> [Try it]:
Could you reproduce all of these records exactly?

Dataset records:
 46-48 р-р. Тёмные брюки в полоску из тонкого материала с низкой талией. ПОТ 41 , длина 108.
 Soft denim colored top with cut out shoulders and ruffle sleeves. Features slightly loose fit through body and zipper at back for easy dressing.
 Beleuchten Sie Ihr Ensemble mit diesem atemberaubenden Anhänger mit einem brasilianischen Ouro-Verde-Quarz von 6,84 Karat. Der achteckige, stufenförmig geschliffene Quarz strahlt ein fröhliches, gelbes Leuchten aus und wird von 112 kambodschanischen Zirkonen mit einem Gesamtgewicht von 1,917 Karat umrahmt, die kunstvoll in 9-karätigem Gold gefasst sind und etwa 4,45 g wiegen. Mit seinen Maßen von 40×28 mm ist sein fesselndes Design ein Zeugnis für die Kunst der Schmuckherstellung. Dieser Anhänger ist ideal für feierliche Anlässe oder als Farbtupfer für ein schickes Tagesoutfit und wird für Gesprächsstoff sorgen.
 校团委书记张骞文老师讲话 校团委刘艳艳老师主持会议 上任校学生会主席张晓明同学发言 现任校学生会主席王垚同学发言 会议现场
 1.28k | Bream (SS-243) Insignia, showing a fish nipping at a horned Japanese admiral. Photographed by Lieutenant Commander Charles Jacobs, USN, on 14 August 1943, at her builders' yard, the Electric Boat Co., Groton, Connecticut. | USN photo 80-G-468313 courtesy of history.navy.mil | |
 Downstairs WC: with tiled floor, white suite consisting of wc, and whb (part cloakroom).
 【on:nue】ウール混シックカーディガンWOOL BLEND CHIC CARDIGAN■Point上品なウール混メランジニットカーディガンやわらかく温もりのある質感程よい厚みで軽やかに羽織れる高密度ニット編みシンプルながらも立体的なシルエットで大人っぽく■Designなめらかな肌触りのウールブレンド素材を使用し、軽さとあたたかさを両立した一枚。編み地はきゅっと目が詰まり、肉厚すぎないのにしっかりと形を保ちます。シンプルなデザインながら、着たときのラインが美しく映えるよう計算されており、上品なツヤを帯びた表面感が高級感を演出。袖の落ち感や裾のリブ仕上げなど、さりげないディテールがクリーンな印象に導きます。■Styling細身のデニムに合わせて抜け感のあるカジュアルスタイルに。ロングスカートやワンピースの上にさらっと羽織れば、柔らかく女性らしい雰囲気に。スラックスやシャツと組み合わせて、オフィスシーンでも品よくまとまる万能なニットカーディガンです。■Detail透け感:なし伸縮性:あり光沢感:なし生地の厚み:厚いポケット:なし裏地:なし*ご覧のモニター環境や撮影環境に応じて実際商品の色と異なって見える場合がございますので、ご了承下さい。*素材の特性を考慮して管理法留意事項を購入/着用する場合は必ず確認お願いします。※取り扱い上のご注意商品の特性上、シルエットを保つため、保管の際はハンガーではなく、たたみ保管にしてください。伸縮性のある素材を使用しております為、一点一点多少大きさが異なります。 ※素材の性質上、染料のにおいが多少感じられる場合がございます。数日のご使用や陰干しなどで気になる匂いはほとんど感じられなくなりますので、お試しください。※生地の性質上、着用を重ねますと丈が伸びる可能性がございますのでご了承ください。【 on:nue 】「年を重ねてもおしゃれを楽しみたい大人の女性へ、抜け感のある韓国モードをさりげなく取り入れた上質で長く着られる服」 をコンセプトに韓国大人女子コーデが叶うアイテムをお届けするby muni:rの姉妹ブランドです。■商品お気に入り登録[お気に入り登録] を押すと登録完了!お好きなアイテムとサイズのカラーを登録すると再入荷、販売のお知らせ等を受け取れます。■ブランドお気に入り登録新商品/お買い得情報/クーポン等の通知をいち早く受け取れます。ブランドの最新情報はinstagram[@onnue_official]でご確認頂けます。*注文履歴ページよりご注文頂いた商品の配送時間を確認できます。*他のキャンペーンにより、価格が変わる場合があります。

> [Answer to this task]:
 46-48 р-р. Тёмные брюки в полоску из тонкого материала с низкой талией. ПОТ 41 , длина 108.
 Soft denim colored top with cut out shoulders and ruffle sleeves. Features slightly loose fit through body and zipper at back for easy dressing.
 Beleuchten Sie Ihr Ensemble mit diesem atemberaubenden Anhänger mit einem brasilianischen Ouro-Verde-Quarz von 6,84 Karat. Der achteckige, stufenförmig geschliffene Quarz strahlt ein fröhliches, gelbes Leuchten aus und wird von 112 kambodschanischen Zirkonen mit einem Gesamtgewicht von 1,917 Karat umrahmt, die kunstvoll in 9-karätigem Gold gefasst sind und etwa 4,45 g wiegen. Mit seinen Maßen von 40×28 mm ist sein fesselndes Design ein Zeugnis für die Kunst der Schmuckherstellung. Dieser Anhänger ist ideal für feierliche Anlässe oder als Farbtupfer für ein schickes Tagesoutfit und wird für Gesprächsstoff sorgen.
 校团委书记张骞文老师讲话 校团委刘艳艳老师主持会议 上任校学生会主席张晓明同学发言 现任校学生会主席王垚同学发言 会议现场
 1.28k | Bream (SS-243) Insignia, showing a fish nipping at a horned Japanese admiral. Photographed by Lieutenant Commander Charles Jacobs, USN, on 14 August 1943, at her builders' yard, the Electric Boat Co., Groton, Connecticut. | USN photo 80-G-468313 courtesy of history.navy.mil | |
 Downstairs WC: with tiled floor, white suite consisting of wc, and whb (part cloakroom).
 【on:nue】ウール混シックカーディガンWOOL BLEND CHIC CARDIGAN■Point上品なウール混メランジニットカーディガンやわらかく温もりのある質感程よい厚みで軽やかに羽織れる高密度ニット編みシンプルながらも立体的なシルエットで大人っぽく■Designなめらかな肌触りのウールブレンド素材を使用し、軽さとあたたかさを両立した一枚。編み地はきゅっと目が詰まり、肉厚すぎないのにしっかりと形を保ちます。シンプルなデザインながら、着たときのラインが美しく映えるよう計算されており、上品なツヤを帯びた表面感が高級感を演出。袖の落ち感や裾のリブ仕上げなど、さりげないディテールがクリーンな印象に導きます。■Styling細身のデニムに合わせて抜け感のあるカジュアルスタイルに。ロングスカートやワンピースの上にさらっと羽織れば、柔らかく女性らしい雰囲気に。スラックスやシャツと組み合わせて、オフィスシーンでも品よくまとまる万能なニットカーディガンです。■Detail透け感:なし伸縮性:あり光沢感:なし生地の厚み:厚いポケット:なし裏地:なし*ご覧のモニター環境や撮影環境に応じて実際商品の色と異なって見える場合がございますので、ご了承下さい。*素材の特性を考慮して管理法留意事項を購入/着用する場合は必ず確認お願いします。※取り扱い上のご注意商品の特性上、シルエットを保つため、保管の際はハンガーではなく、たたみ保管にしてください。伸縮性のある素材を使用しております為、一点一点多少大きさが異なります。 ※素材の性質上、染料のにおいが多少感じられる場合がございます。数日のご使用や陰干しなどで気になる匂いはほとんど感じられなくなりますので、お試しください。※生地の性質上、着用を重ねますと丈が伸びる可能性がございますのでご了承ください。【 on:nue 】「年を重ねてもおしゃれを楽しみたい大人の女性へ、抜け感のある韓国モードをさりげなく取り入れた上質で長く着られる服」 をコンセプトに韓国大人女子コーデが叶うアイテムをお届けするby muni:rの姉妹ブランドです。■商品お気に入り登録[お気に入り登録] を押すと登録完了!お好きなアイテムとサイズのカラーを登録すると再入荷、販売のお知らせ等を受け取れます。■ブランドお気に入り登録新商品/お買い得情報/クーポン等の通知をいち早く受け取れます。ブランドの最新情報はinstagram[@onnue_official]でご確認頂けます。*注文履歴ページよりご注文頂いた商品の配送時間を確認できます。*他のキャンペーンにより、価格が変わる場合があります。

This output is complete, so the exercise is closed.